Output 12.3.1: Selection Summary
Selection Summary | |||||
---|---|---|---|---|---|
Step | Effect Entered |
Effect Removed |
Number Effects In |
SBC | Model R-Square |
0 | Intercept | 1 | |||
x1 | 2 | ||||
x2 | 3 | ||||
x1*x2 | 4 | ||||
x3 | 5 | ||||
x1*x3 | 6 | ||||
x2*x3 | 7 | 3307.6836 | 0.8837 | ||
1 | x2*x13 | 8 | 1892.8403 | 0.8992 | |
2 | x7*x11 | x1*x2 | 8 | 618.9298 | 0.9112 |
3 | x1*x4 | x2*x3 | 8 | 405.3751 | 0.9131 |
4 | x13 | 9 | 213.6140 | 0.9148 | |
5 | x7 | 10 | 180.4457 | 0.9152 | |
6 | x11 | x7*x11 | 10 | 1.4039* | 0.9167 |
7 | x10*x11 | 11 | 2.3393 | 0.9168 | |
8 | x3*x7 | 12 | 4.5000 | 0.9168 | |
9 | x6*x7 | 13 | 10.0589 | 0.9169 | |
10 | x3*x6 | 14 | 13.1113 | 0.9169 | |
11 | x5*x20 | 15 | 19.4612 | 0.9169 | |
12 | x13*x20 | x3*x6 | 15 | 18.3678 | 0.9169 |
13 | x5*x5 | x6*x7 | 15 | 12.1398 | 0.9170* |
* Optimal Value of Criterion |
You see that starting from the model with an intercept and the effects specified in the INCLUDE= and START= options at step
0, the forward-swap selection method adds the effect x2*x13
at step one, because this yields the maximum improvement in R square that can be obtained by adding a single effect. The
forward-swap selection method now evaluates whether any effect swap yields a better eight-effect model (one with a higher
R-square value). Because you specified the DETAILS=ALL option in the SELECTION statement, at each step where a swap is made you obtain a “Candidates” table that shows the R-square values for the evaluated swaps. Output 12.3.2 shows the “Candidates” for step 2. By default, only the best 10 swaps are displayed.

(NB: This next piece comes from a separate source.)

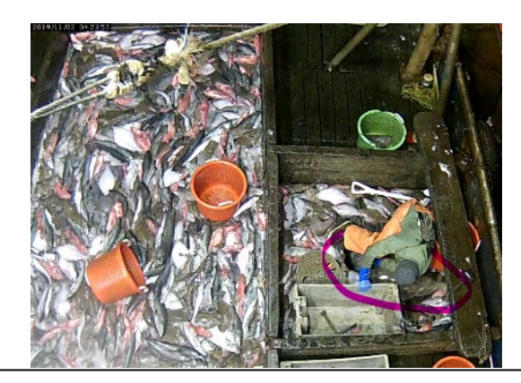
Deckhand concealing Pacific Halibut while sorting groundfish.

- A Special Agent investigated a complaint from the Quinault Tribe of a Makah tribal vessel violating its usual and accustomed treaty area and illegally harvesting sablefish. NOAA GCES issued a NOVA resulting in a settlement agreement of $20,000.

Output 12.3.2: Swap Candidates at Step 2
Best 10 Candidates | |||
---|---|---|---|
Rank | Effect Dropped |
Effect Added |
R-Square |
1 | x1*x2 | x7*x11 | 0.9112 |
2 | x2*x3 | x7*x11 | 0.9112 |
3 | x1*x2 | x7 | 0.9065 |
4 | x2*x3 | x7 | 0.9065 |
5 | x1*x2 | x7*x7 | 0.9060 |
6 | x2*x3 | x7*x7 | 0.9060 |
7 | x1*x2 | x4*x7 | 0.9060 |
8 | x2*x3 | x4*x7 | 0.9060 |
9 | x1*x2 | x11 | 0.9058 |
10 | x2*x3 | x11 | 0.9058 |
You see that the best swap adds x7*x11
and drops x1*x2
. This yields an eight-effect model whose R-square value (0.9112) is larger than the R-square value (0.8992) of the eight-effect
model at step 1. Hence this swap is made at step 2. At step 3, an even better eight-effect model than the model at step 2
is obtained by dropping x2*x3
and adding x1*x4
. No additional swap improves the R-square value, and so the model at step 3 is deemed to be the best eight-effect model.

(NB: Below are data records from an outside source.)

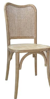
Celine stonewash rattan chair (includes cushion) 15.00
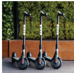
Bird expands e-scooter service to Tacoma, WA
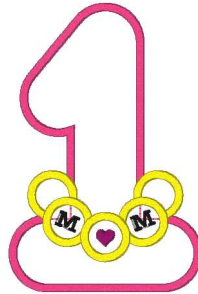
1 Mom Necklace 145.vp3 3.80x5.71 inches; 6,980 stitches 8 thread changes; 8 colors
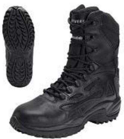
#8 is acceptable if writing is blacked-out or covered by trousers. Not authorized for wear with shorts.

Although this is the best eight-effect model that can be found by this method given the starting model, it is not guaranteed
that this model that has the highest R-square value among all possible models that consist of seven effects and an intercept.
Because the DETAILS=ALL option is specified in the SELECTION statement, details for the model at each step of the selection process are displayed. Output 12.3.3 provides details of the model at step 3.

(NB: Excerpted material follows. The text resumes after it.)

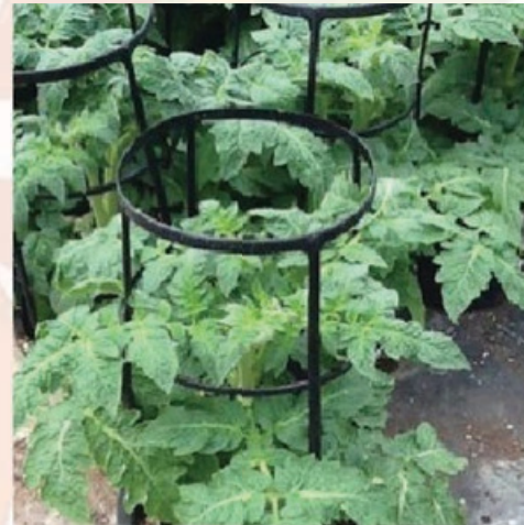
10" Tomato Planter with cage Various Types $20.00

All Plants Grown Locally With Care By BLUE GRASS SOD FARMS LTD.

Output 12.3.3: Model Details at Step 3
Analysis of Variance | |||||
---|---|---|---|---|---|
Source | DF | Sum of Squares |
Mean Square |
F Value | Pr > F |
Model | 7 | 108630 | 15519 | 15000.3 | <.0001 |
Error | 9992 | 10337 | 1.03455 | ||
Corrected Total | 9999 | 118967 |
Root MSE | 1.01713 |
---|---|
R-Square | 0.91311 |
Adj R-Sq | 0.91305 |
AIC | 10350 |
AICC | 10350 |
SBC | 405.37511 |
ASE | 1.03373 |
Parameter Estimates | |||||
---|---|---|---|---|---|
Parameter | DF | Estimate | Standard Error | t Value | Pr > |t| |
Intercept | 1 | 0.012095 | 0.045712 | 0.26 | 0.7913 |
x1 | 1 | 3.087078 | 0.076390 | 40.41 | <.0001 |
x2 | 1 | 7.775180 | 0.046815 | 166.08 | <.0001 |
x3 | 1 | -4.957140 | 0.070995 | -69.82 | <.0001 |
x1*x3 | 1 | 4.910115 | 0.122503 | 40.08 | <.0001 |
x1*x4 | 1 | 0.890436 | 0.060523 | 14.71 | <.0001 |
x7*x11 | 1 | 1.708469 | 0.045939 | 37.19 | <.0001 |
x2*x13 | 1 | 2.584078 | 0.061506 | 42.01 | <.0001 |
The forward-swap method continues to find the best nine-effect model, best 10-effect model, and so on until it obtains the best 15-effect model. At this point the selection terminates because you specified the MAXEF=15 option in the SELECTION statement. The R-square value increases at each step of the selection process. However, because you specified the CHOOSE=SBC criterion in the SELECTION statement, the final model selected is the model at step 6.